RECORDS FOR PROCESSING:
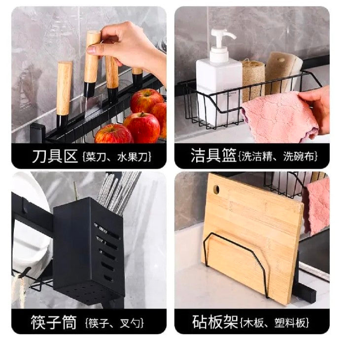 Kitchen Storage Shelf Above The Sink Bowl Draining Racks Multifunctional Dish Knife Rag Spoons sink Rack Set Organizer kitchen 85 cm
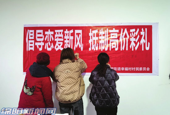 隨后,活動宣讀了“倡導戀愛新風抵制高價彩禮”倡議書,黨員代表們充分發(fā)揮示范引領作用,帶頭簽訂了“治理高價彩禮推進移風易俗”承諾書,村民們積極響應,主動參與,在簽名橫幅上落下自己的名字,表示愿意從自身做起,推行“零”彩禮、婚事簡辦等文明新風,在今后的生活中將加大健康婚嫁文化宣傳,抵制“天價禮”、盲目攀比等不良習俗,真正將婚嫁新風尚落到實處。(綿報融媒記者 趙燁 文/圖)
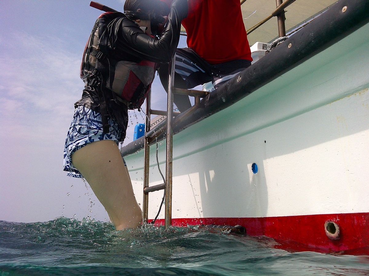 海になじみがない母は思ったより怖がっていたようで、同行した私は気づいていなかったのですが、船長さんが救命用の浮輪を投げいれて下さり、浮輪とロープで安心して海の中を観察できました。
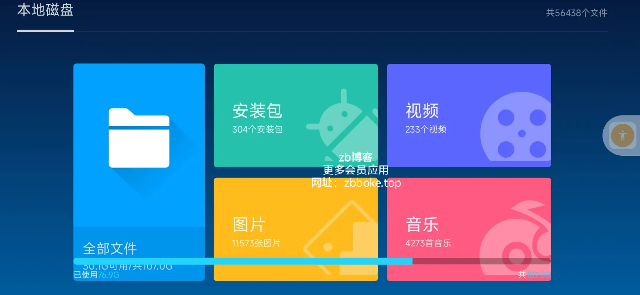 支持低版本盒子,支持磁盘管理功能,自动扫描本地和外部存储设备中的文件,安装包,音视频及图片文件。
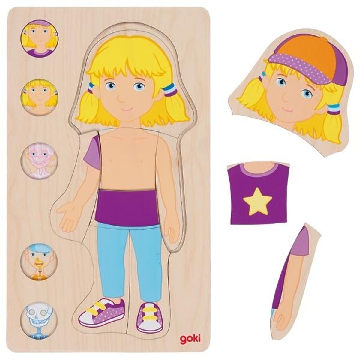 Vrstevné puzzle jsou produkt, který je u nás téměř od samotného vzniku obchodu. Tentokrát představujeme puzzle, které u nás ještě nebyly. Výrobce hraček Goki vytvořil vrstevné puzzle představující lidské tělo - zevnitř. Ano! Dobře jste slyšeli. Skládačka se skládá z platformy, která je rozdělena do 6 vrstev, které představují:
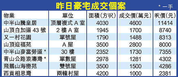 二手市場方面,放盤近兩年的中半山騰皇居頂層A複式單位,在近期豪宅市況轉好下,終成功以4600萬元易手,成交呎價更逾1.1萬元,造價理想。原業主於00年以4830萬元購入,帳面微蝕230萬元。
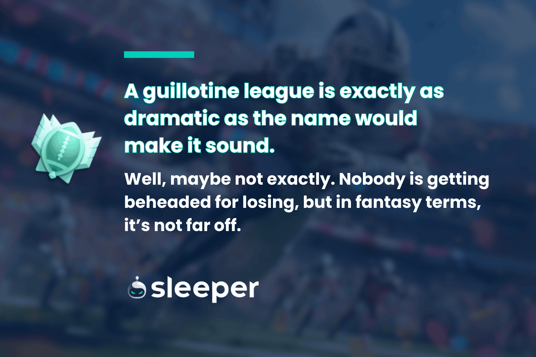 So that’s different. Guillotine fantasy football is not for the purists, but it offers a brilliant variation on a well-worn theme, and you can get started by joining Sleeper today. Download the app or sign up on the website.
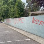 “Between August 23 – 25, a lone suspect vandalized 28 businesses and one private residence that were located on South Auburn Street, McKnight Way, and Freeman Lane in Grass Valley.These 29 locations were “tagged” with graffiti that included “CREED”, “NSF”, “FTC”. Most of the graffiti was about 6 feet wide. It is estimated that the cost of clean-up and/or replacement of damaged property will be thousands of dollars.
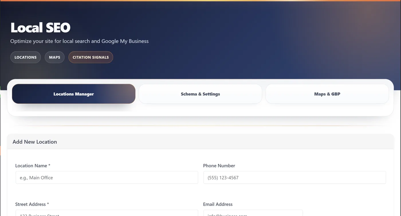 Locations Manager — add locations, configure schema, embed maps, and connect Google Business Profile
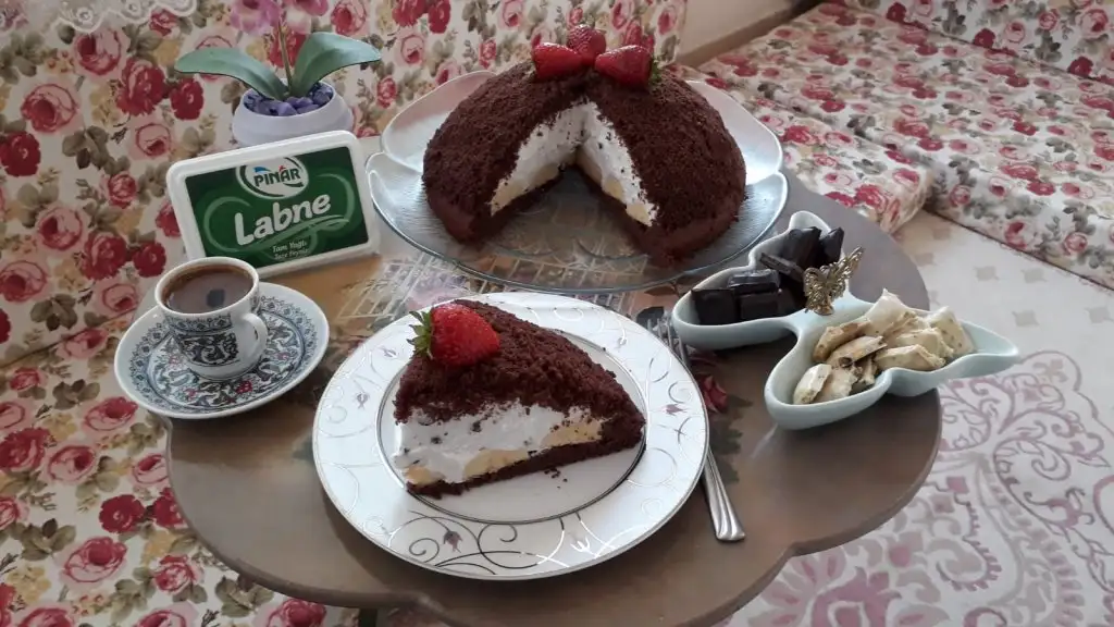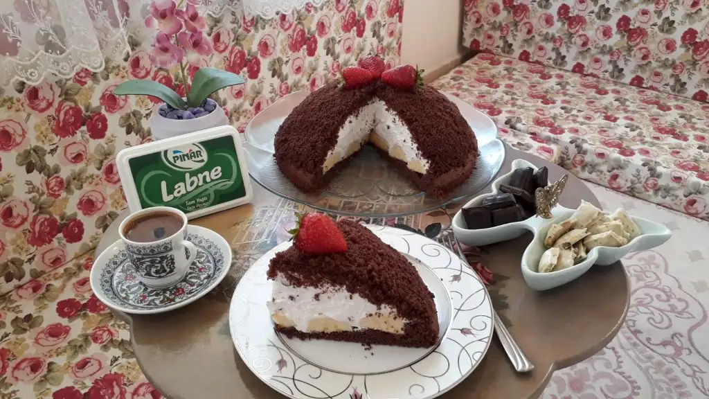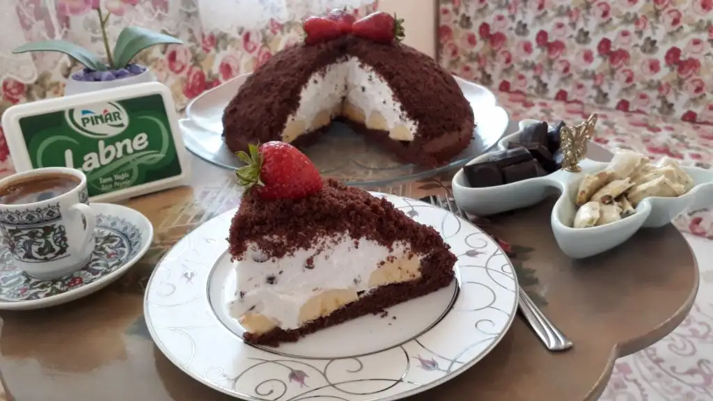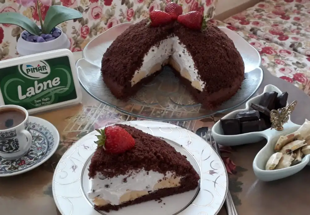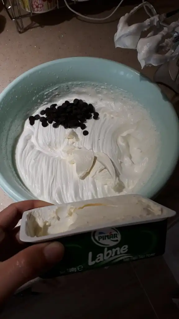 Simdi kremasini hazırlayalım süt ve krem santiyi cirpalim damla çikolata ve labne peyniri ekleyip tekrar cirpalim kremamiz hazır. Muzların üzerine bu harci güzelce yayarak kubbe görünümü verelim.
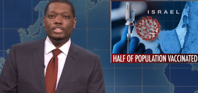 Those who saw the most recent episode of “Saturday Night Live” heard comedian, chief writer and “Weekend Update” anchor Michael Che’s casual claim that Israel’s record vaccination rate has already covered half its population. The butt of the “joke” was when Che quipped: “The Jewish half.” The comment provoked immediate outrage from pro-Israel groups and viewers alike—and not all of them Jewish. Yet predictably, Che’s jibe provoked as much left-wing support for the false assertion cloaked in a humorous review of the news as it did anger. That speaks volumes about the pervasive nature of the antisemitic myths spread by Israel’s enemies about its successful effort to vaccinate its citizens—all of its citizens.
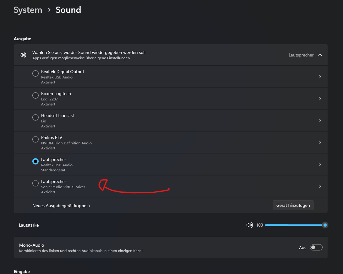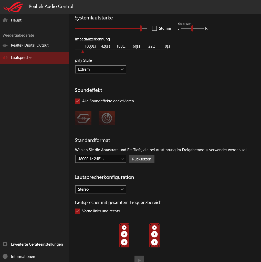 Ich habe diversen Anleitungen gefolgt und auch die Treiber von der Asus-Website neu installiert. Jedoch kommen da dann auch Sonic Studio und so weiter mit runter. Ich glaube, dass sich da irgendetwas gegenseitig überschneidet und ich dadurch keinen Output bekomme. Neuste Bios-Version ist auch installiert.

WORK TASK: Above are some records. Reproduce the lines from the one with "海になじみがない母は思ったよ" down to the one with "二手市場方面,放盤近兩年的中", keeping both, and leave every picture out.

ANSWER FOR THE TASK:
 海になじみがない母は思ったより怖がっていたようで、同行した私は気づいていなかったのですが、船長さんが救命用の浮輪を投げいれて下さり、浮輪とロープで安心して海の中を観察できました。
 支持低版本盒子,支持磁盘管理功能,自动扫描本地和外部存储设备中的文件,安装包,音视频及图片文件。
 Vrstevné puzzle jsou produkt, který je u nás téměř od samotného vzniku obchodu. Tentokrát představujeme puzzle, které u nás ještě nebyly. Výrobce hraček Goki vytvořil vrstevné puzzle představující lidské tělo - zevnitř. Ano! Dobře jste slyšeli. Skládačka se skládá z platformy, která je rozdělena do 6 vrstev, které představují:
 二手市場方面,放盤近兩年的中半山騰皇居頂層A複式單位,在近期豪宅市況轉好下,終成功以4600萬元易手,成交呎價更逾1.1萬元,造價理想。原業主於00年以4830萬元購入,帳面微蝕230萬元。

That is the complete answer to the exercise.